I became aware of eBay in the mid-1990s, when a friend started using it to buy and sell comic books. I thought it was the stupidest concept ever. I absolutely could not comprehend why people would send money to complete strangers they had found on the Internet. It seemed that there was no protection against fraud and abuse, and the whole arrangement would become a hunting ground for scammers until it fell apart.

That turns out not to be what happened.

I had similar reservations about wikis, which I heard about long before Wikipedia was created. A group of programmers created the first wiki, something called the Portland Pattern Repository. When I heard about it, I thought I must have misunderstood something. Anyone can edit any page? What's to stop some bored kid from deleting your whole website? I just didn't get it. This idea obviously wouldn't work.

There, too, I was completely and totally wrong.

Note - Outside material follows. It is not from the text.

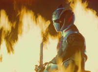 As the Rangers watch, a containment card with Benaag in it flies out of the fire. |

But then I came across a story from, of all things, the history of naval gunnery. It showed me exactly where I had gone wrong in my analysis of eBay and Wikipedia. Moreover, it taught me a fundamental lesson about the nature of technological innovation.

You see, around the turn of the previous century, a junior U.S. Navy officer, William S. Sims, was shipped out to the China station. There, he met Admiral Sir Percy Scott, of the British Navy, who had recently developed a mechanism used for targeting artillery. The system was vastly more accurate than anything any navy had ever had--it increased accuracy by as much as 3,000 percent, according to one estimate. It was called continuous-aim firing.

Imagine you're on a ship at sea, firing one of those big guns at a target on land. Maybe it's a lifeguard hut at Malibu Beach. Now, the sea is not steady. The waves are gently rolling the ship back and forth. If you look through the telescopic sight at the lifeguard hut, it's moving up and down.

Under the old system, you would look through the sight, aim at the target, then wait a few seconds until the ship rolled back and the target came back into view. But you couldn't wait until then to fire: You had to predict when the target was about to be in your sight and fire at that exact moment.

Needless to say, the old system didn't work too well. You couldn't fire very rapidly, given that most of the time you were waiting for the ship to roll to the right spot. Nor was the guess-and-shoot method very accurate. The bottom line was that you hardly ever hit the target. I imagine the lifeguards of the 1800s sitting casually at their stations, sipping virgin daiquiris and applying suntan lotion without even noticing the shenanigans of the British sailors as they run around like the Marx brothers and try to squeeze off a shot.

The British innovation was deceptively simple. The gunner looked through his telescopic sight at the target and then started turning a little wheel on the gun back and forth. The wheel raised and lowered the gun continuously to compensate for the rolling of the ship. As a result, the gun was always pointing directly at the target, and the gunner could fire whenever he wanted. The technology was not complicated, but its impact was substantial. Continuous-aim firing radically improved a gunner's accuracy.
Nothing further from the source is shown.